IDA v7.5 introduced the concept of Folder Views, an easily missed Godsend for the anal-retentive reverser. This feature has to be explicitly turned on via a right-click on the desired subview –whether functions, structures, imports, etc. IDA v7.6 takes this a step further by introducing a thus-far undocumented API to interact with these folder views (A heartfelt thank you to Milan Bohacek for his help in effectively wielding this API). That should enable us to automate some extraordinary time-saving functionality.
While our malware may have 5,000 functions, the majority of those functions were not written by the malware developers, they’re publicly documented, and we need nothing more than a nominal overview to know what they do.
NOBELIUM GoldMax (a.k.a. SunShuttle)
94c58c7fb43153658eaa9409fc78d8741d3c388d3b8d4296361867fe45d5fa45
By being clever about categorizing function packages, we can actually whittle down to a fraction of the overall functions that merit analyst time. Functions will be categorized by their package prefixes and further grouped as ‘Standard Go Packages’, unlabeled (‘sub_’), uncategorized (no package prefix), and Github imports. What remains are the ‘main’ package and any custom packages added by the malware developers. For a notable example, the NOBELIUM GoldMax (a.k.a. SunShuttle) malware can be reduced from a hulking 4,771 functions to a mere 22. This is the simplest and perhaps the most valuable step towards our goal of understanding the malware’s functionality.
Step 4: Fix String References
Accurately recasting strings by referenceFinally, there’s the issue of strings in Go. Unlike all C-derivative languages, strings in Go are not null terminated. Neither are they grouped together based on their source or functionality. Rather, the linker places all of the strings in order of incremental length, with no obvious demarcation as to where one string ends and the next begins. This works because whenever a function references a string, it does so by loading the string address and a hardcoded length. While this is a safer paradigm for handling strings, it makes for an unpleasant reversing experience.

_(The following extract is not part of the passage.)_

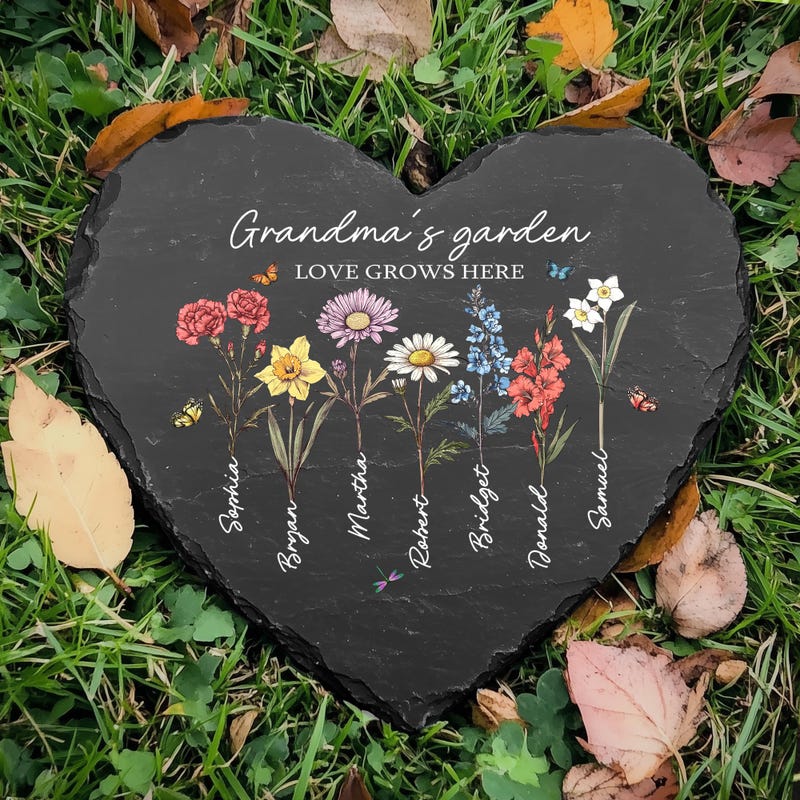 Personalisierter Omas Gartenstein, Liebe wächst hier Gartenstein Geschenk, Personalisierter Geburtsmonat Blumengartenstein, Muttertagsgeschenk 2025 RED666

So how do we overcome this hurdle? Here’s where another piece of Strazzere’s Golang Loader Assist can help us. His original plugin would check functions for certain string loading patterns and use these as a guide to fix the string assignments. We have once again (partially) refactored this functionality, made it compatible with Python 3, and IDA’s new APIs. We have also improved some of the logic for the string blobs in place (either by suspicious length or because a reference points to the middle of a blob) and added some sanity checks.
While this step is already a marked improvement, we are seeing new string loading patterns introduced with Go v1.17 that need adding and there’s definitely room for improved refactoring. We hope some of you will feel inclined to contribute.
Where Do We Go From Here?
Let’s take a step back and look at where we are after all of these steps. We have an IDB with all functions discovered, labeled, and categorized, and hopefully all of their string references are correctly annotated. This is an ideal we could seldom dream of with malware of a comparable size written in C or C++ without extensive analysis time and prior expertise.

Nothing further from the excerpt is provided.